Also –one of my favourite scenes to make me blubber in ‘Notting Hill’ is that final image of Hugh Grant and a pregnant Julia Roberts on the park bench ("To June who Loved this garden ... from Joseph, who always sat beside her") and I just love the domesticity of that moment, *even* as she’s still a big film star, they’ve clearly made it work. And I guess with ‘Who’s That Girl?’ I would have appreciated a few moments exploring that domesticity. What’s it actually like, dating a film star? How do you cope? Do bizarre things just become the new normal? Yeah. I think I’d been hoping that this book took that momentary fave scene from ‘Notting Hill’ and based the story around that image a bit more. More fool me for presuming where the story would go, but there you go.  

Overall – I did like this book, but I didn’t LOVE and ADORE it like I am the others of hers, so far. I still wanted to rush to the end, I laughed and swooned … but maybe not quite as hard as previously.

3/5

Monday, March 5, 2018

'You Had Me At Hello' by Mhairi McFarlane

 



From the BLURB:

What happens when the one that got away comes back? Find out in this sparkling comedy from #1 bestseller, Mhairi McFarlane.

‘Think of the great duos of history. We're just like them.'
‘You mean like Kylie and Jason? Torvill and Dean? Sonny and Cher?'
‘I think you've missed the point, Rachel.'
 
Rachel and Ben. Ben and Rachel. It was them against the world. Until it all fell apart. It's been a decade since they last spoke, but when Rachel bumps into Ben one rainy day, the years melt away.

They'd been partners in crime and the best of friends. But life has moved on: Ben is married. Rachel is not. Yet in that split second, Rachel feels the old friendship return. And along with it, the broken heart she's never been able to mend.

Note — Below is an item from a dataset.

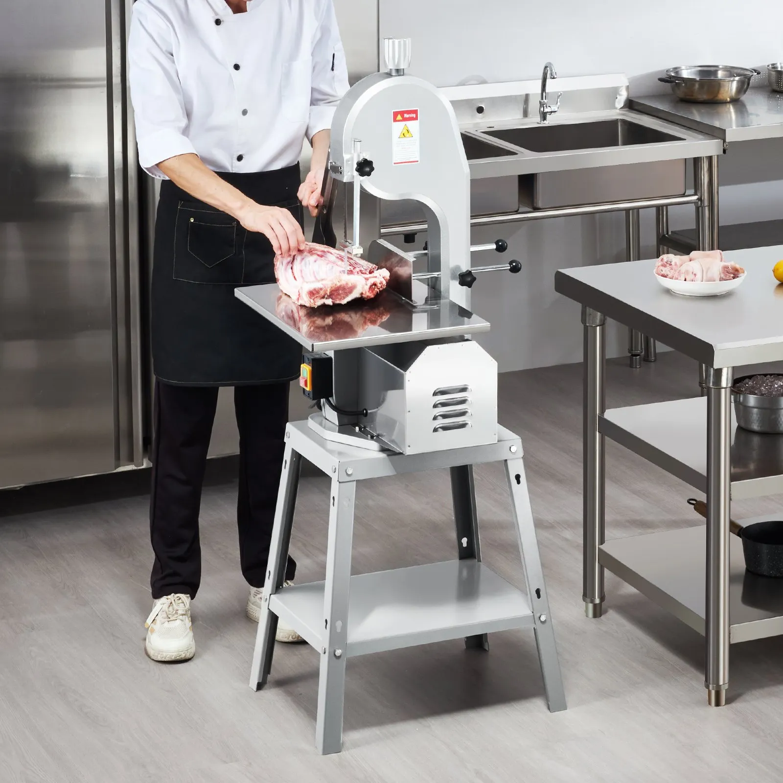 Komerčná elektrická pásová píla na mäso a kosti, vertikálna píla na kosti 1800 W, pracovný stôl 380 x 485 mm, krájač mrazeného mäsa s čepeľou na rebrá, bravčové mäso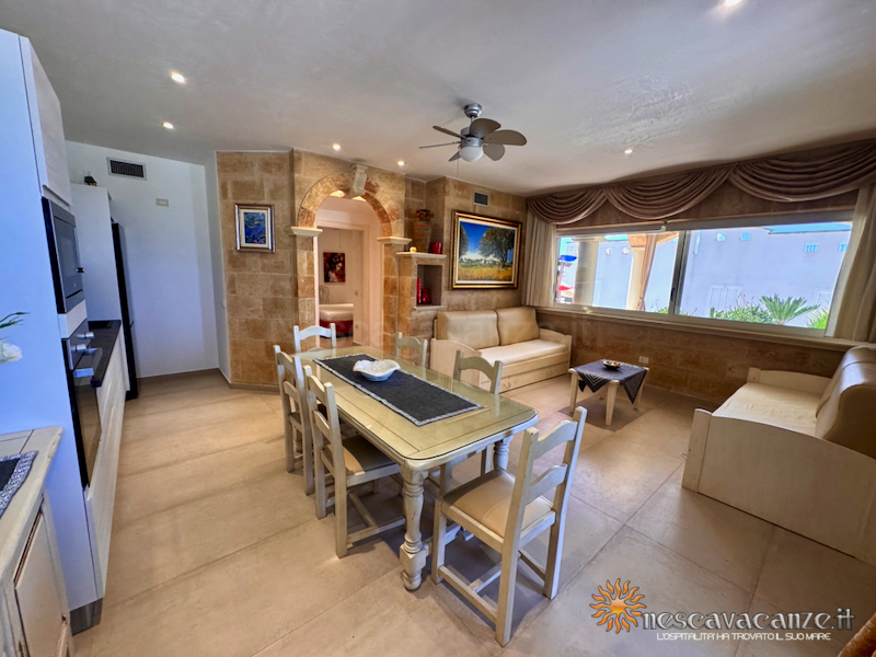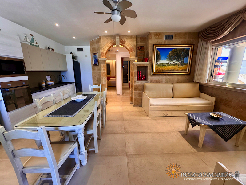 Casa vacanza pescoluse 1 è ubicata nel centro residenziale di Pescoluse a 350 metri dalla spiaggia dorata di sabbia finissima di questa splendida marina di Salve. Questa posizione garantisce ai nostri inquilini il soggiorno ottimale per godere delle acque cristalline delle "Maldive del Salento" e raggiungere le migliori attrazione turistiche di queste incantevoli terre, rendendo di fatto indimenticabili le loro vacanze nel salento. Questa casa che Nescavacanze vi propone è un appartamento trilocale che si erge su un piano rialzato, racchiusa da una veranda arredata con suppellettili da giardino: ideale per rilassarsi seduti nel salottino, presente in essa, semplicemente distesi a prendere il sole sullo sdraio scorgendo, nel frattempo, i diversi colori dell'incantevole mare di Pescoluse. Meravigliosa è, infatti, la vista mare che da questo appartamento si apre a chiunque varchi la porta d' ingresso, in pieno soggiorno, attraverso una grande finestra, creata proprio per permettere ai nostri clienti un continuo contatto con i bei paesaggi di queste terre e garantire loro delle piacevoli vacanze nel salento.

Hilarious, heartbreaking and everything in between, you'll be hooked from their first ‘hello'.

‘You Had Me At Hello’ was romance author Mhairi McFarlane’s debut novel from 2012. In 2017, McFarlane also wrote an 89-page short story sequel called ‘After Hello’ – which I’ve also rolled into this review …

Okay. So. Clearly I have drunk at the fountain of obsession and am deep-diving into Mhairi McFarlane’s backlist with utmost glee. And everyone I know who originally recommended McFarlane to me, have said that they only love her books in varying increments of A RIDICULOUS AMOUNT – some instil slightly more swoony obsession, but they all get top-marks and it’s only infinitesimal degrees of preference.

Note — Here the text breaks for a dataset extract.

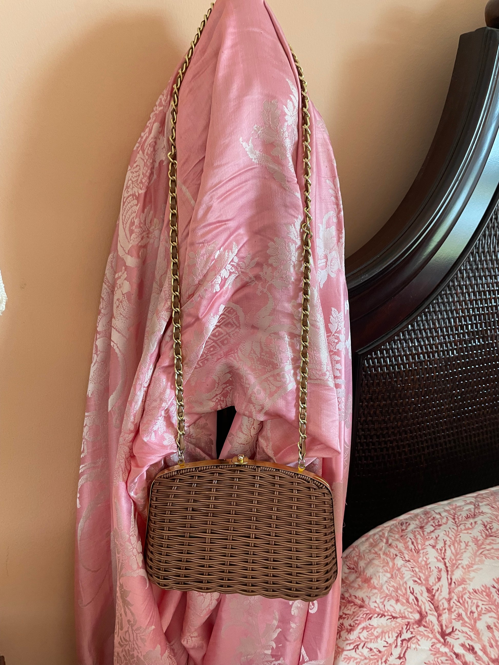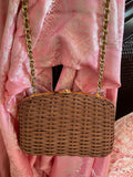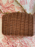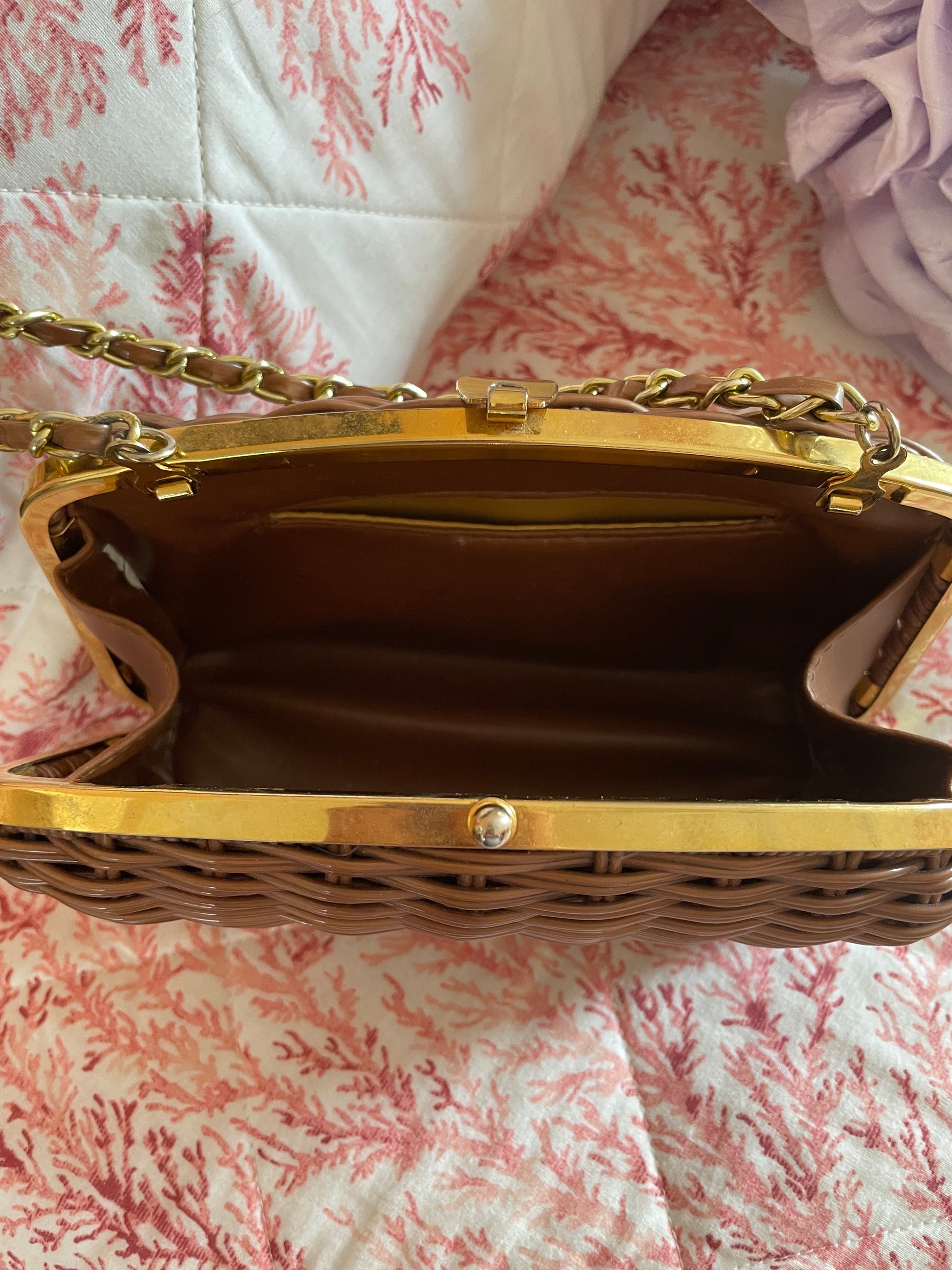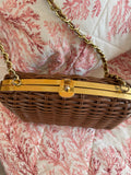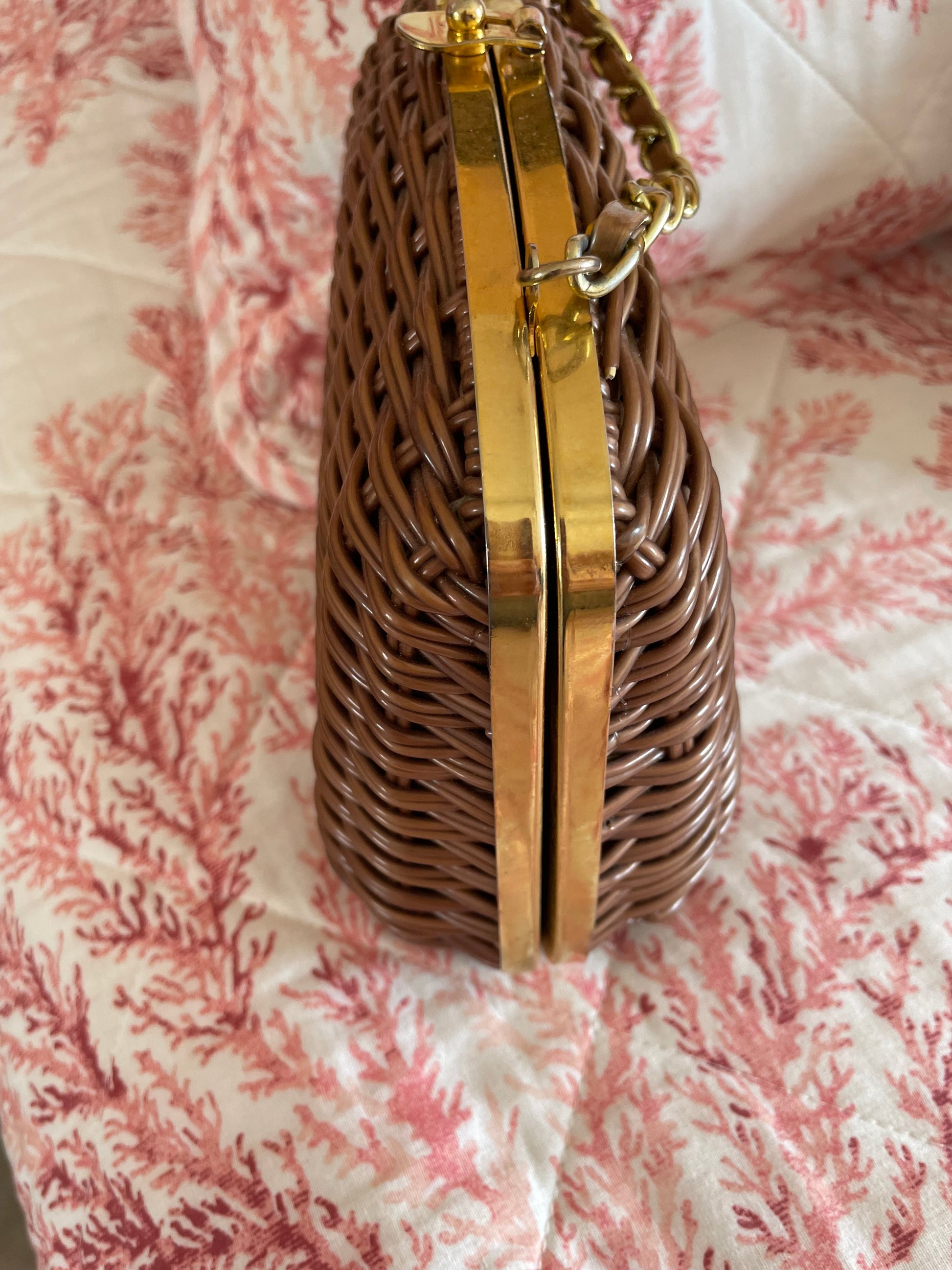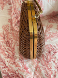Vintage 80s Brown Woven Wicker Structured Gold Frame Purse

Surely not! – I thought – how can someone slam-dunk so consistently? But I’ve just got through my second 24-hour read and so far, McFarlane is two for two. But – I still have slightly more of a preference for my first book of hers I read ‘It’sNot Me, It’s You’ (which – I wonder if it’s like always preferring the Doctor who first introduced you to the series? So it’s always going to be Tennant’s Tenth Doctor for me, regardless how good the newbie’s might be?)

So – ‘You Had Me At Hello’ is about 30-something Rachel who has just broken off her 13-year relationship (and engagement) with Rhys after realising she was settling for “good enough” but the love was depleted. Rachel is getting on with life ‘back on the shelf’ and concentrating on her life as a court-reporter – when her friend Caroline announces that she’s seen ‘English Ben’ from their university days at the local library. This sends Rachel into a tailspin – as ten years ago, Ben was her love that got away … and she’s never got over him.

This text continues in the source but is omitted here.